### Problem details
Would you please return only the lines from the one with "胶带 &放大器; 卷轴 和 零件" through the last line of the records below, leaving the pictures out?
++++
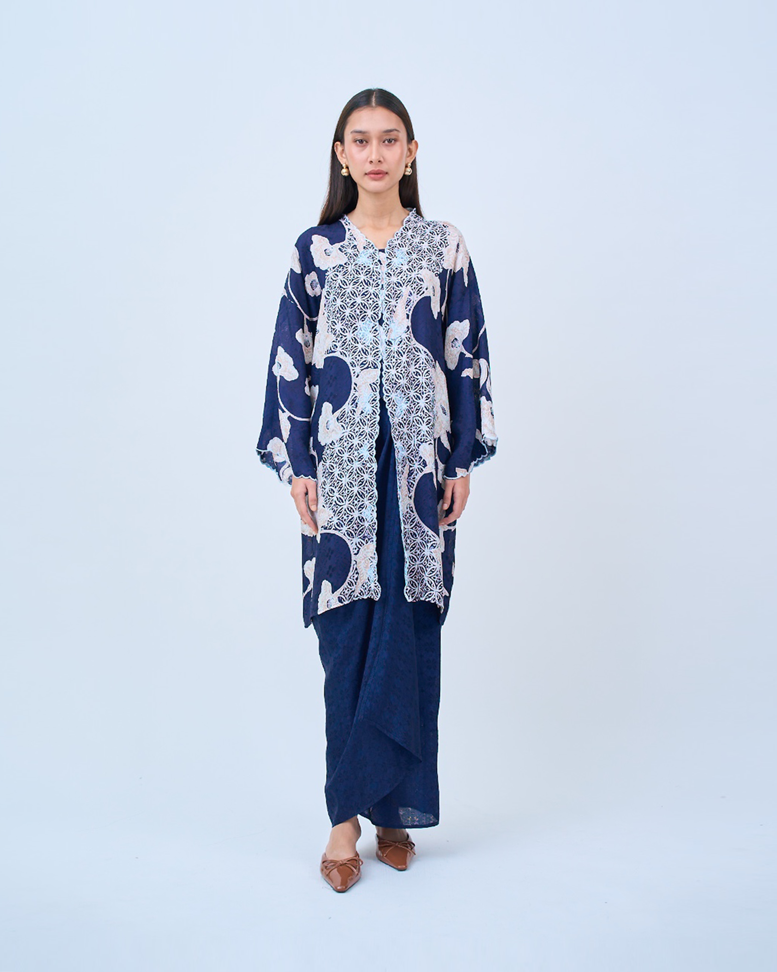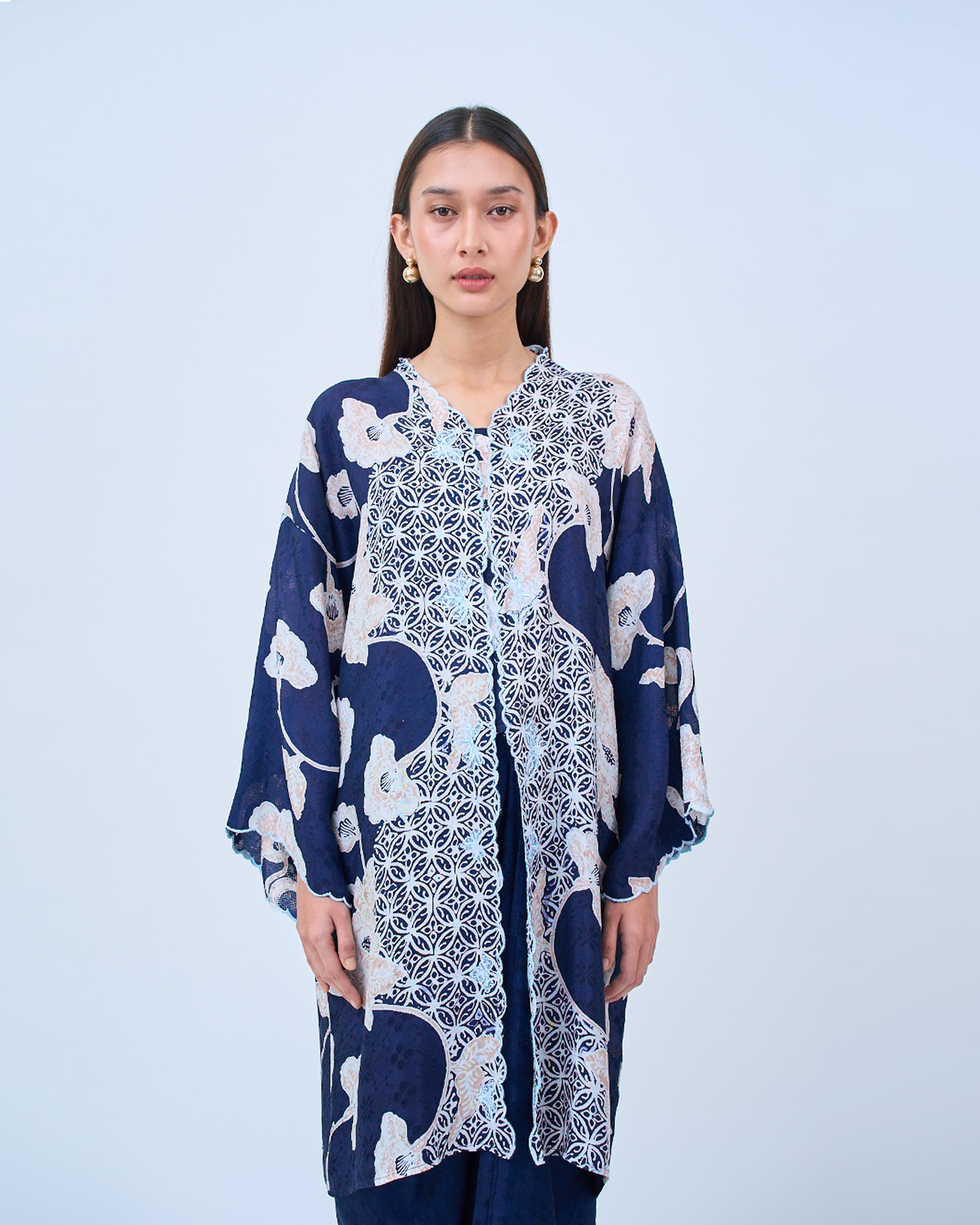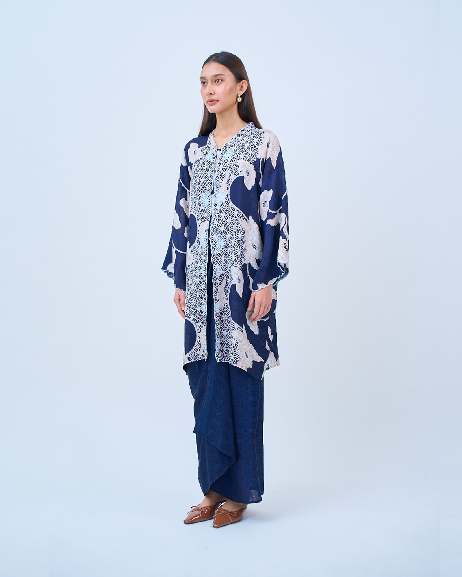 KHADEEJA is a modern kebaya labuh inspired by traditional kebarung silhouettes. Featuring drop shoulders, a straight cut and front snap fastening, it’s made for women who love structure with ease.
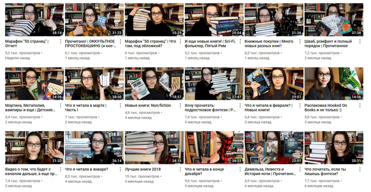 Особенность контента блога заключается в охвате практически всех жанров, от художественной литературы до нон-фикшн. Так как в чтении я практически «всеядна», в блоге можно найти видео о самых разных книгах, что способствует максимальному вовлечению аудитории с разными литературными предпочтениями.
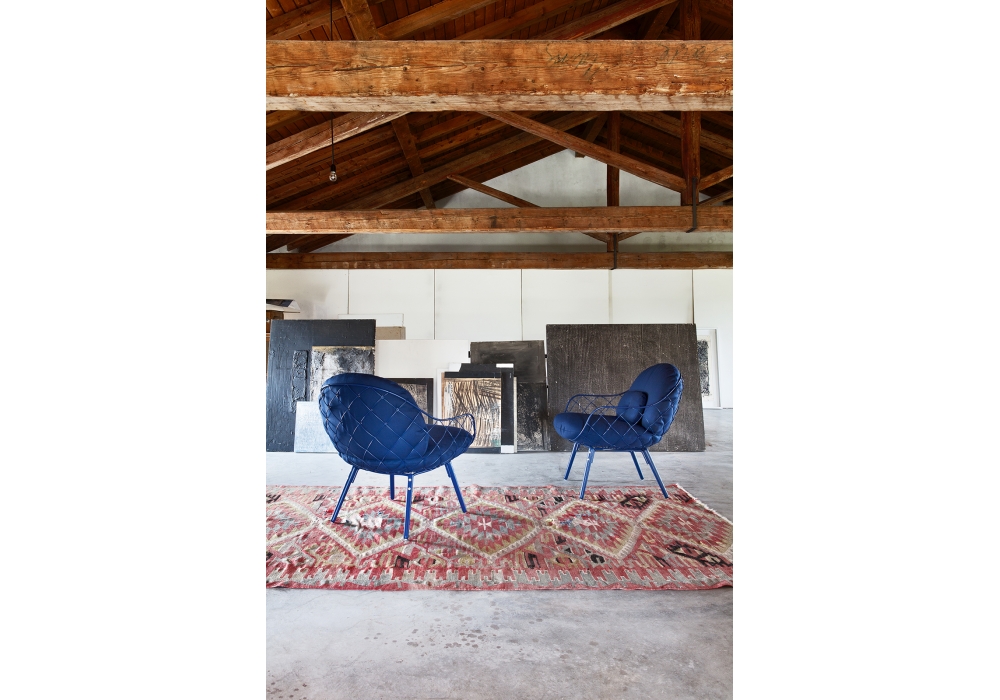 Piña von Jaime Hayón für Magis entworfen, ist ein niedriger Sessel mit Beinen aus natürlicher oder lackierter Esche, Schale aus lackiertem Stahlrohr. Sitz-/Rückenkissen aus abnehmbarem Polyurethanschaum, bezogen mit Stoff. Erhältlich in verschiedenen Ausführungen.
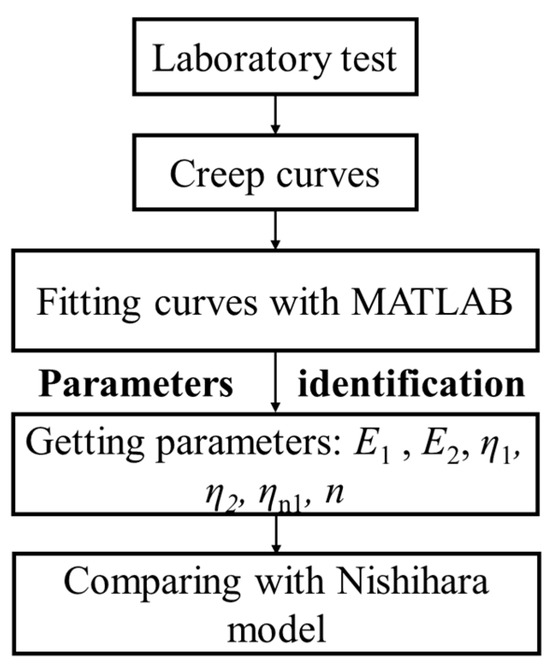 In MATLAB, establish the constitutive equation described in this text and set the initial values for the model parameters. Create a function to calculate the difference between predicted values and creep data obtained from carbonaceous slate with various foliation angles. Utilize MATLAB’s optimization tools to adjust the parameters in order to minimize this difference. The flow chart of parameters identification method is illustrated in Figure 16. The final parameter fitting results are presented in Table 3.
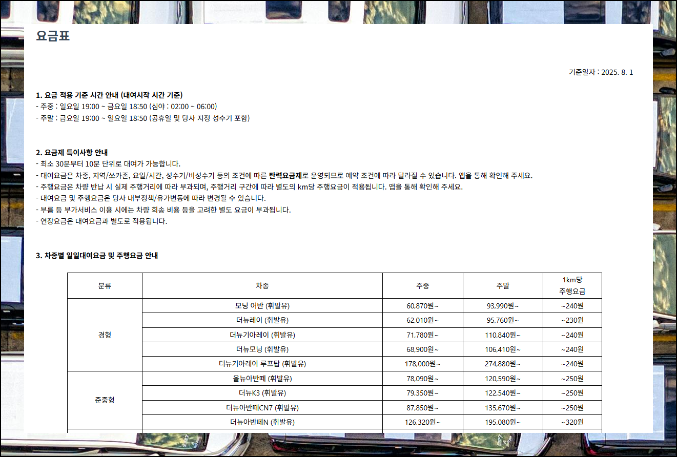 경차 기준 요금 체계를 살펴보면 원하는 기간만큼 자유롭게 선택할 수 있어 매력적이에요. 한달 동안의 예상 사용 시간을 미리 계산해보시기 바랍니다. 그런 다음 여러 옵션 중에서 가장 저렴한 것을 골라내면 됩니다. 이런 방식으로 접근하면 불필요한 지출 없이 합리적으로 활용할 수 있어요.
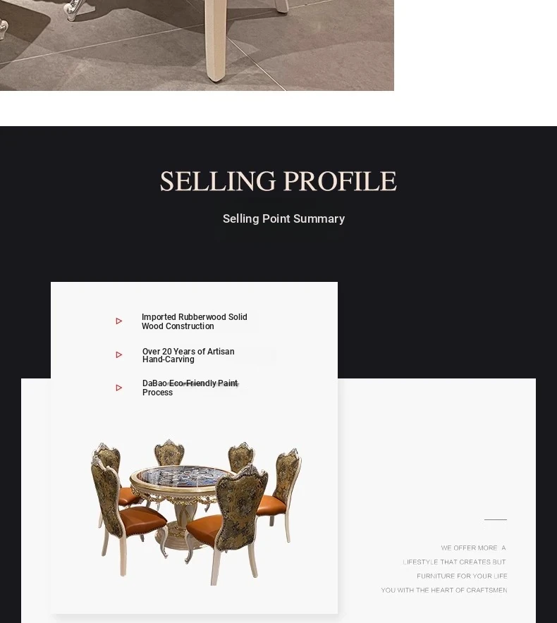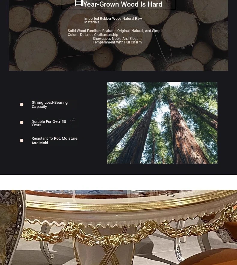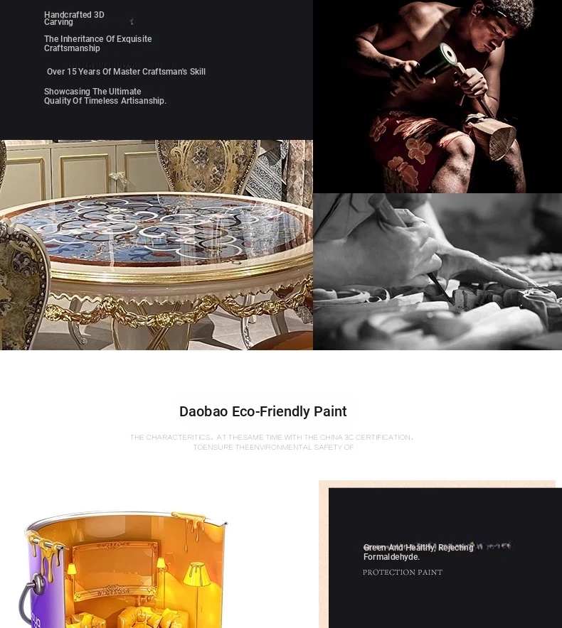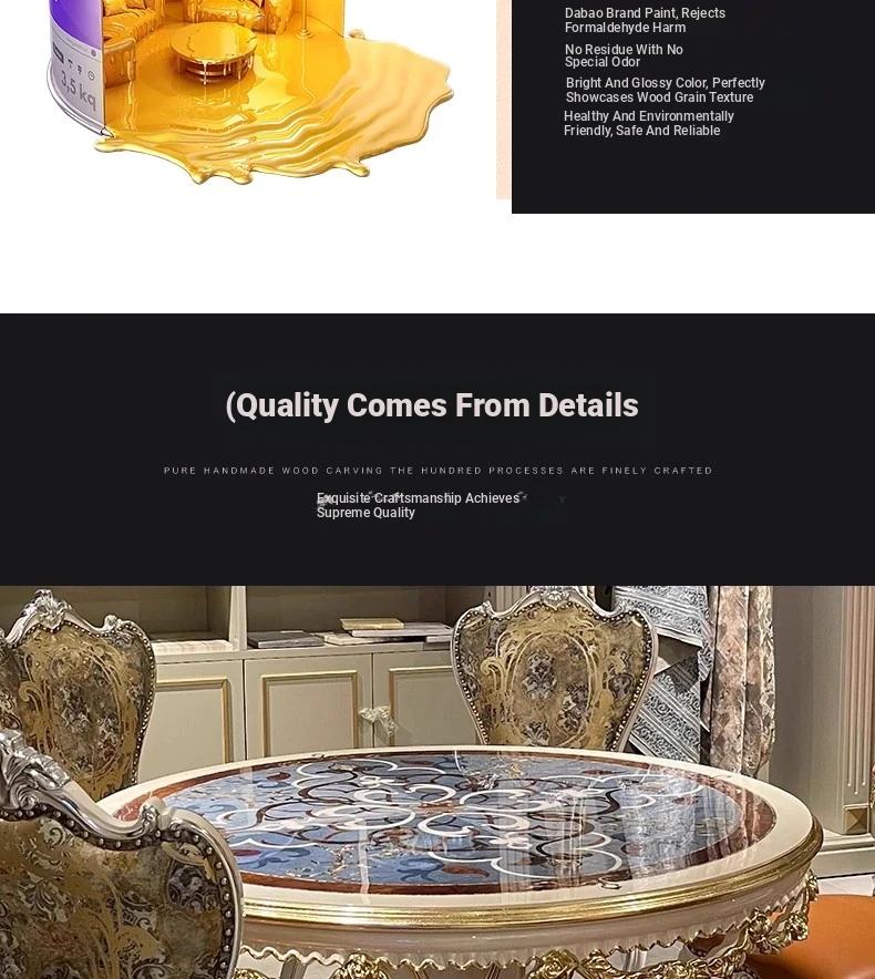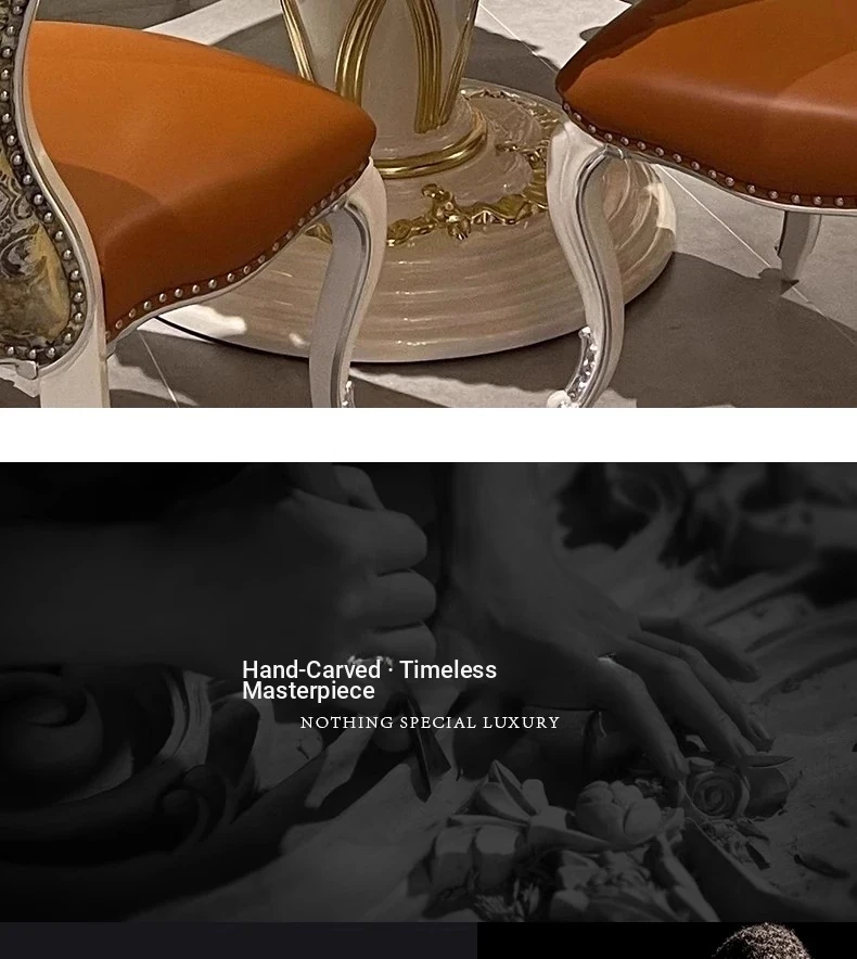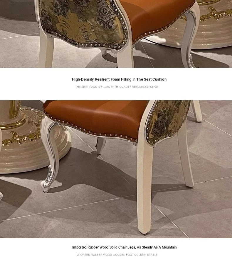 French Court Style Solid Wood Round Dining Table Set - European Shell Painted Dining Table for New Classic Italian Villa Decor
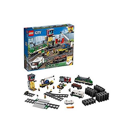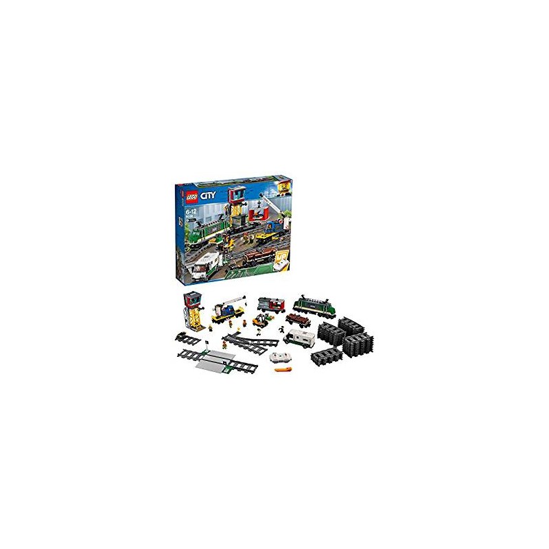 Prepara il Treno merci LEGO City 60198 per trasportare il grande carico Utilizza il carrello elevatore per riempire i container e quindi caricali sul vagone con la gru Aggancia tutti i vagoni dietro il locomotore sali in cabina aziona il fischio e parti Consegna il carico in tempo e aiuta a LEGO City a funzionare senza intoppi
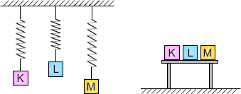 Eşit boyutlu küp şelindeki K, L ve M cisimleri özdeş yayların uçlarına asılıp serbest bırakıldığında yaylar şekildeki konumlarda dengeye gelmektedir. Bu cisimler masanın üzerine konulduğunda yere göre potansiyel enerjileri EK , EL ve EM ´dir.
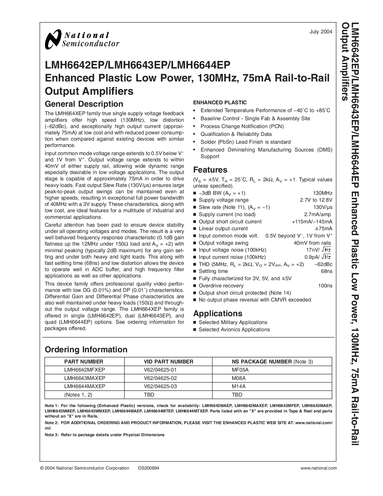 lmh6643mmep, lmh6643mmxep, lmh6644maep, lmh6644mtep, lmh6644mtxep. 零件 已列出 与 一个 "x" 是 提供 入点 胶带 &放大器; 卷轴 和 零件
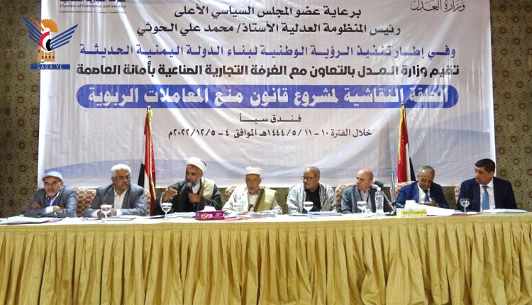 بدأت بصنعاء يوم الأحد حلقة نقاشية حول مشروع قانون منع المعاملات الربوية، تنظمها على مدى يومين وزارة العدل والغرفة التجارية الصناعية بأمانة العاصمة.
++++
### Exercise output
 lmh6643mmep, lmh6643mmxep, lmh6644maep, lmh6644mtep, lmh6644mtxep. 零件 已列出 与 一个 "x" 是 提供 入点 胶带 &放大器; 卷轴 和 零件
 بدأت بصنعاء يوم الأحد حلقة نقاشية حول مشروع قانون منع المعاملات الربوية، تنظمها على مدى يومين وزارة العدل والغرفة التجارية الصناعية بأمانة العاصمة.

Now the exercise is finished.